■ WORK TO BE COMPLETED: Using the data that follows, output only the lines from the line with "gestanztes Scherenschnittmuster mit" up to and including the line with "In compliance with", exactly, leaving pictures aside.

====== RECORDS FOR THE EXERCISE

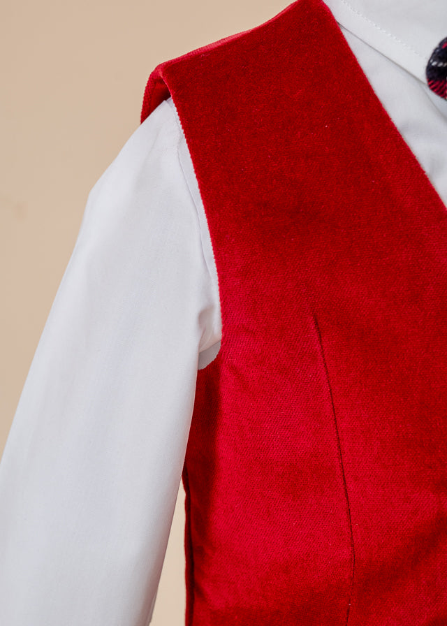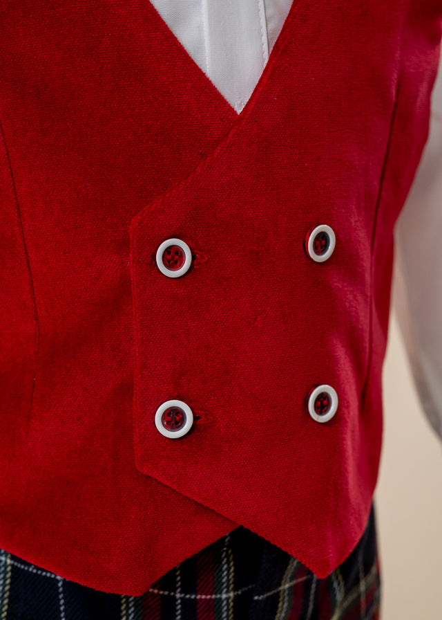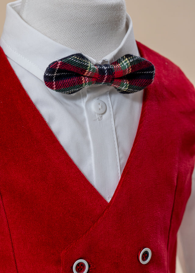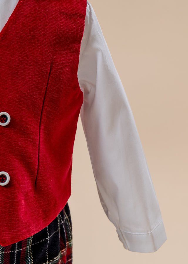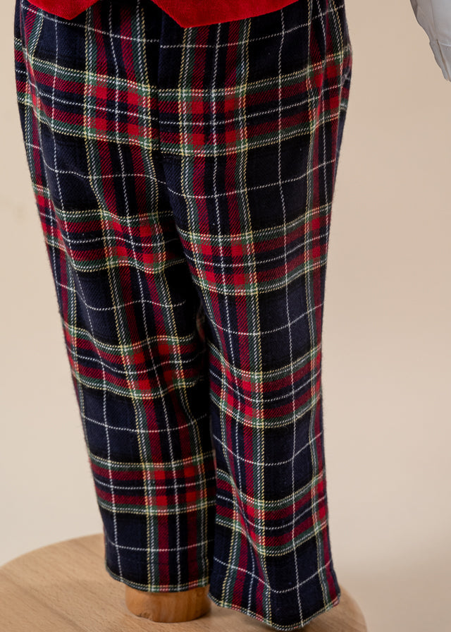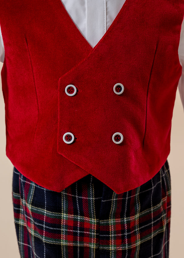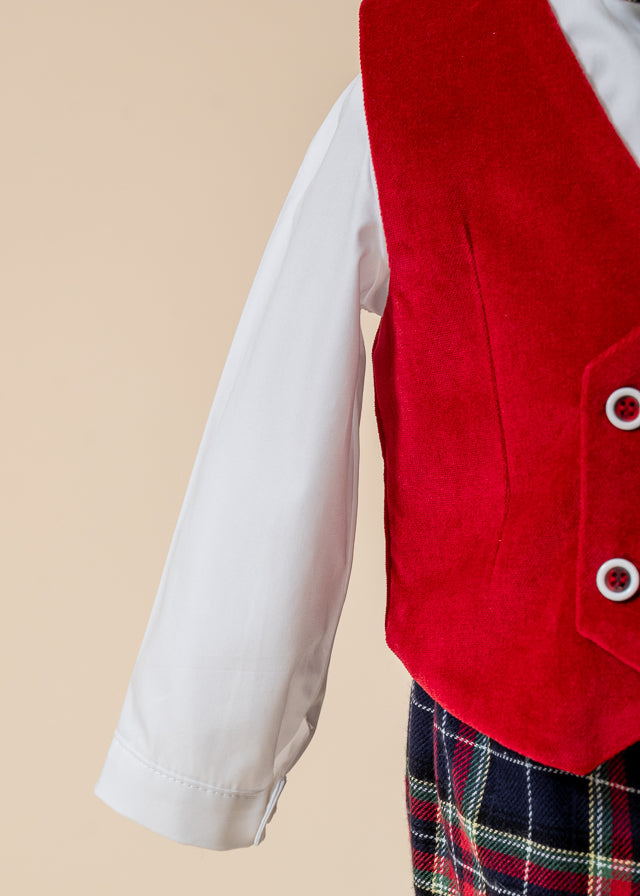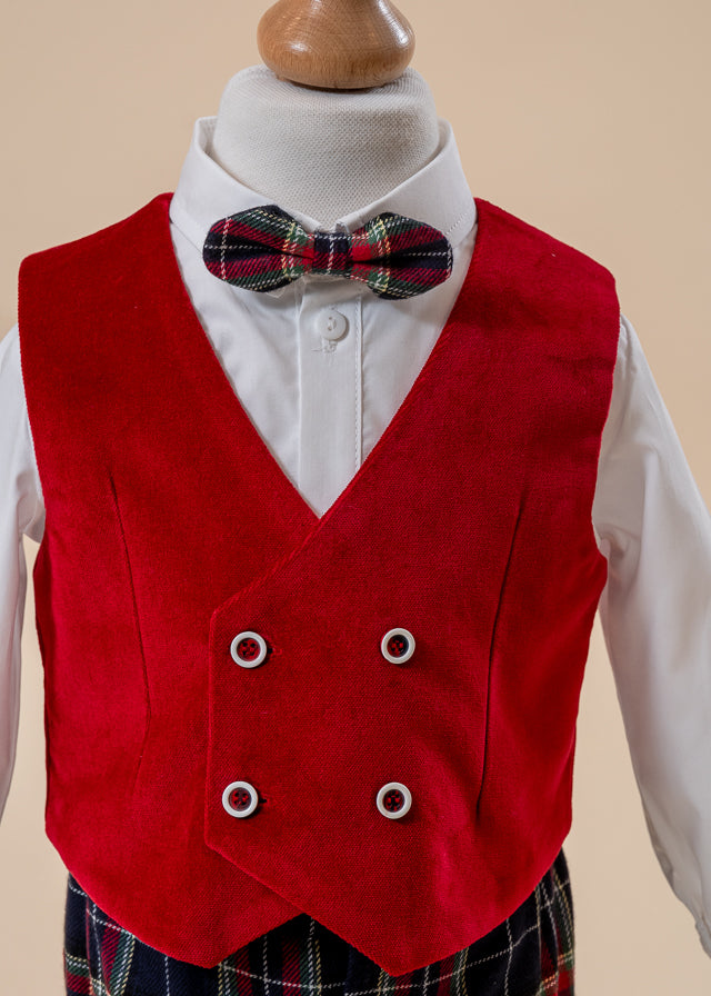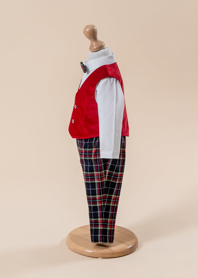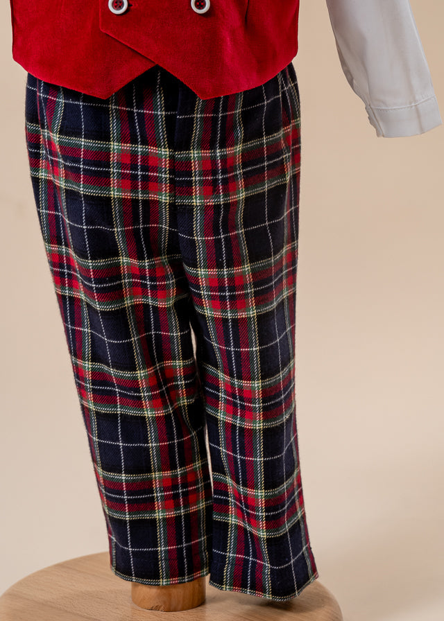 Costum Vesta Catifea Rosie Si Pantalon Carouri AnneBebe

============
====== RECORDS FOR THE EXERCISE

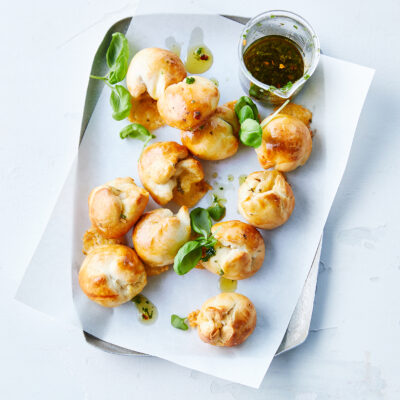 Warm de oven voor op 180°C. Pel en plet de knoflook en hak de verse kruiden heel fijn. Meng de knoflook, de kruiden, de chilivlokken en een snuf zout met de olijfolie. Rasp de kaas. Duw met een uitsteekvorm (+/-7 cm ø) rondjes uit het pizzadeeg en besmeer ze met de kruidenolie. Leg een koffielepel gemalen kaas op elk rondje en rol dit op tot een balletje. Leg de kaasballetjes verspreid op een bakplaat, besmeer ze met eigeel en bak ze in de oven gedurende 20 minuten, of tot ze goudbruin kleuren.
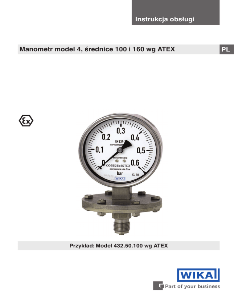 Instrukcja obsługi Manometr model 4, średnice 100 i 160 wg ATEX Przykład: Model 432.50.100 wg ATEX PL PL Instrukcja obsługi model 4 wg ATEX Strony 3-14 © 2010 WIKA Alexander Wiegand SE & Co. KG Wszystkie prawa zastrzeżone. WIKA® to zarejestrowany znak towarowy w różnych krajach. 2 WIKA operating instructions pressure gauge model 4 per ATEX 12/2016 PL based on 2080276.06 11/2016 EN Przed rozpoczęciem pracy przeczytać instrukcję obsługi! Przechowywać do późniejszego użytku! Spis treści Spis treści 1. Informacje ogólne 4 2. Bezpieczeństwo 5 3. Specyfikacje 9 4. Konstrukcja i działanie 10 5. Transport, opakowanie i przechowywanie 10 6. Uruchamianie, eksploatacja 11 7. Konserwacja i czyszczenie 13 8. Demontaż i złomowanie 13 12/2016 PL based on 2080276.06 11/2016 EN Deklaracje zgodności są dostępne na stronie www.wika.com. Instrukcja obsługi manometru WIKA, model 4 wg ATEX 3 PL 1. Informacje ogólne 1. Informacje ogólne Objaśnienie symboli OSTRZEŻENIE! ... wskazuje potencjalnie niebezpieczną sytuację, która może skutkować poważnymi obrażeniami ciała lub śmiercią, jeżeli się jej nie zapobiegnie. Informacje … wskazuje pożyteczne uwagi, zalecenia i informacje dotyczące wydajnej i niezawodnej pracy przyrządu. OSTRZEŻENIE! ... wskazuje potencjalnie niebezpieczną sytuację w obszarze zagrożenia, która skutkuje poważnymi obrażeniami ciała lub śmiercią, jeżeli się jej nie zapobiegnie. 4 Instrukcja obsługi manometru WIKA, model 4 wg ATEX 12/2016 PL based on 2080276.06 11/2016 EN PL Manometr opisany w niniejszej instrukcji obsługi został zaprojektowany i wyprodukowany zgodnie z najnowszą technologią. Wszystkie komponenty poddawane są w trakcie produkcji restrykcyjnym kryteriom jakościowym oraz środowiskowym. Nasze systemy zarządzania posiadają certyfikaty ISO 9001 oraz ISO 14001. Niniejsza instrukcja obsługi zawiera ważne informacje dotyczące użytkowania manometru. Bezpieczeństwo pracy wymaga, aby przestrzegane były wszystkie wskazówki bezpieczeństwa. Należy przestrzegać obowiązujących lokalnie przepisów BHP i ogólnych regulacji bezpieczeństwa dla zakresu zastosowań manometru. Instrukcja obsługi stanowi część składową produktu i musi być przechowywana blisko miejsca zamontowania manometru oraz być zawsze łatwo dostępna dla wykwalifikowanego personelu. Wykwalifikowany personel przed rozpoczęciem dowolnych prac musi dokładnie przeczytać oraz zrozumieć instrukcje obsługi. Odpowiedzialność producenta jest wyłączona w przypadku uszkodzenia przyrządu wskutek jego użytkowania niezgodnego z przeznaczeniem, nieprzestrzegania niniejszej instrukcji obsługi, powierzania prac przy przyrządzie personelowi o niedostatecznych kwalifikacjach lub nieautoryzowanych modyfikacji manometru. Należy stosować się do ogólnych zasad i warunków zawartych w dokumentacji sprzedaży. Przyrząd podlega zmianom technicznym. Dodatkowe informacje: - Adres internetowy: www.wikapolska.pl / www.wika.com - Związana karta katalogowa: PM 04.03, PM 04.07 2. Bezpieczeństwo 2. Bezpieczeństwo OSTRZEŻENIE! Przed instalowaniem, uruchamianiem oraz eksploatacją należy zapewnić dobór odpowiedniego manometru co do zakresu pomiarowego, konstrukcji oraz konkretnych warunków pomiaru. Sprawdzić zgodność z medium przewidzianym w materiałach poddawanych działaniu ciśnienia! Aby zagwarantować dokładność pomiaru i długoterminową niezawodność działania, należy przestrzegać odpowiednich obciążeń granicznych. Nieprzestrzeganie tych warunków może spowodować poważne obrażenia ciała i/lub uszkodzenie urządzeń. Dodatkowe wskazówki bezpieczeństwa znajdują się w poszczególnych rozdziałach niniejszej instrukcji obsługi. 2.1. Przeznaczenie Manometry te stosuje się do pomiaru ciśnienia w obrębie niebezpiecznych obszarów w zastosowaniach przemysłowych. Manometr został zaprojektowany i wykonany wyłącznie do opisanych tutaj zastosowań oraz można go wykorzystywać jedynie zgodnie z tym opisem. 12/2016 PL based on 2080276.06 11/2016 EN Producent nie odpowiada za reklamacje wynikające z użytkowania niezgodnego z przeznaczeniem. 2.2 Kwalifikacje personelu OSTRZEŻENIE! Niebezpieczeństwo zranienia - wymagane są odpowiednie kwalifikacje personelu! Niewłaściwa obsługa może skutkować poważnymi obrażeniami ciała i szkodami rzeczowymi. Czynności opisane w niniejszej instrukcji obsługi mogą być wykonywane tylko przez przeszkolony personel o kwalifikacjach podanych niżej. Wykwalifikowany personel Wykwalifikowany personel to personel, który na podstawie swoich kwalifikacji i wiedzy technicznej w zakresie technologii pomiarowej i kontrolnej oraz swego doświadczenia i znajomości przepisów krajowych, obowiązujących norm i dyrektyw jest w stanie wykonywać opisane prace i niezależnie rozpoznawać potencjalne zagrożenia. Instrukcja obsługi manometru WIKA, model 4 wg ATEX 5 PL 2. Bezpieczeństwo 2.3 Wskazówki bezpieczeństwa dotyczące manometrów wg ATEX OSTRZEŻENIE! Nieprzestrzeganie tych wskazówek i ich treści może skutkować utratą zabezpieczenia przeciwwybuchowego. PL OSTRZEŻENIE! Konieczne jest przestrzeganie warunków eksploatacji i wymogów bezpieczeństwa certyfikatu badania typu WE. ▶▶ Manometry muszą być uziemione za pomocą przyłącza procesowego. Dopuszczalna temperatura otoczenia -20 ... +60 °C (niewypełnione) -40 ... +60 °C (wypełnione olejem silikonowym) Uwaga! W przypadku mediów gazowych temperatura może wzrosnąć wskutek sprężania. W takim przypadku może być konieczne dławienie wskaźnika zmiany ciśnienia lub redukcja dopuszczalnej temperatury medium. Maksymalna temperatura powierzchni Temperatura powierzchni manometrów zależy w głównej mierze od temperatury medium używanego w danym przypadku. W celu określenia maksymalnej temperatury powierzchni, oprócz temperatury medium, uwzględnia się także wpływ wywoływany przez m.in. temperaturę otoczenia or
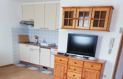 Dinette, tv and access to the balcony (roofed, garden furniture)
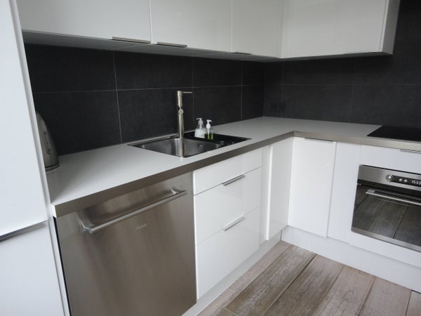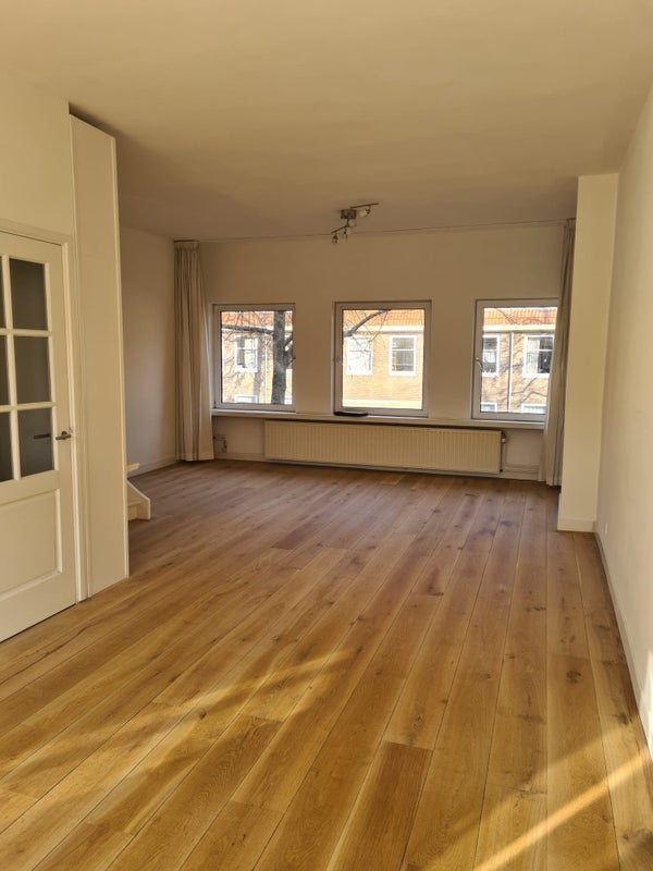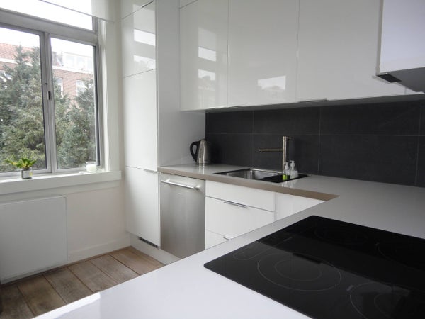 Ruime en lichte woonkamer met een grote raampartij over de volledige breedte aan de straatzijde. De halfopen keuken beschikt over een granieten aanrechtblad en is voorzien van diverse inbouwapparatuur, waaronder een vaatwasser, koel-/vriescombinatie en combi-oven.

============
====== RECORDS FOR THE EXERCISE

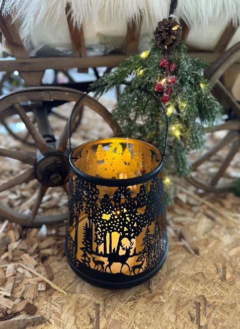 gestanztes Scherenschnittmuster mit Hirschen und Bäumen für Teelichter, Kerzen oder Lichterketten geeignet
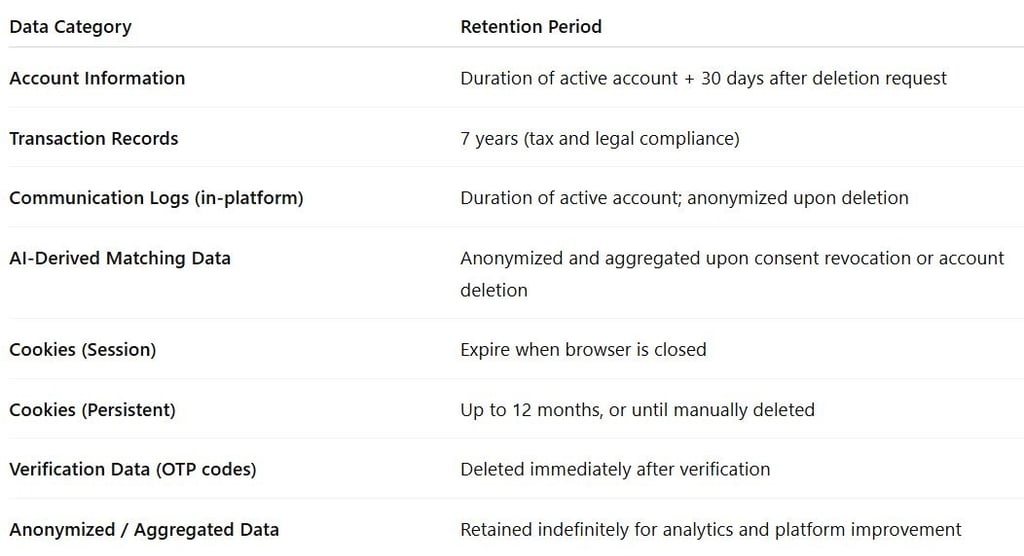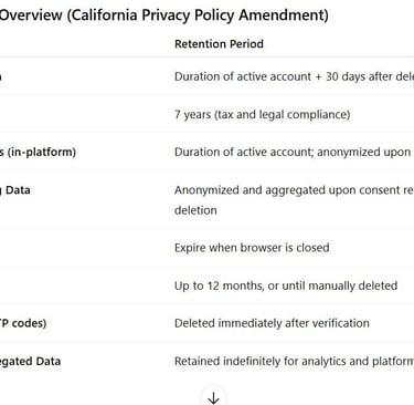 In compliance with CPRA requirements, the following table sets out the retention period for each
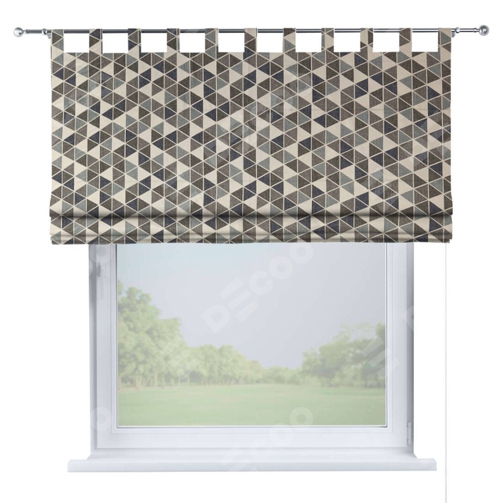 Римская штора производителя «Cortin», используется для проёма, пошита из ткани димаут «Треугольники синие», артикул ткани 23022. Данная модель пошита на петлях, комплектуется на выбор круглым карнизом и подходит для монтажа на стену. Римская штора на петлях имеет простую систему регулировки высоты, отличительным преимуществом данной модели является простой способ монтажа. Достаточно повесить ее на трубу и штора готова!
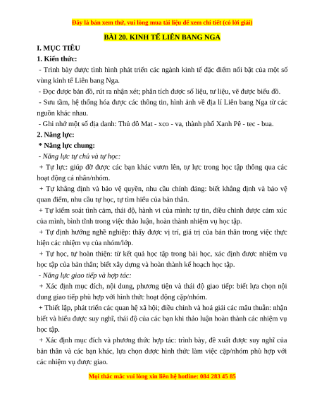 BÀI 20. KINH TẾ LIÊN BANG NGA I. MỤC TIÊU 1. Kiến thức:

============

■ OUTPUT FOR THIS TASK:
 gestanztes Scherenschnittmuster mit Hirschen und Bäumen für Teelichter, Kerzen oder Lichterketten geeignet
 In compliance with CPRA requirements, the following table sets out the retention period for each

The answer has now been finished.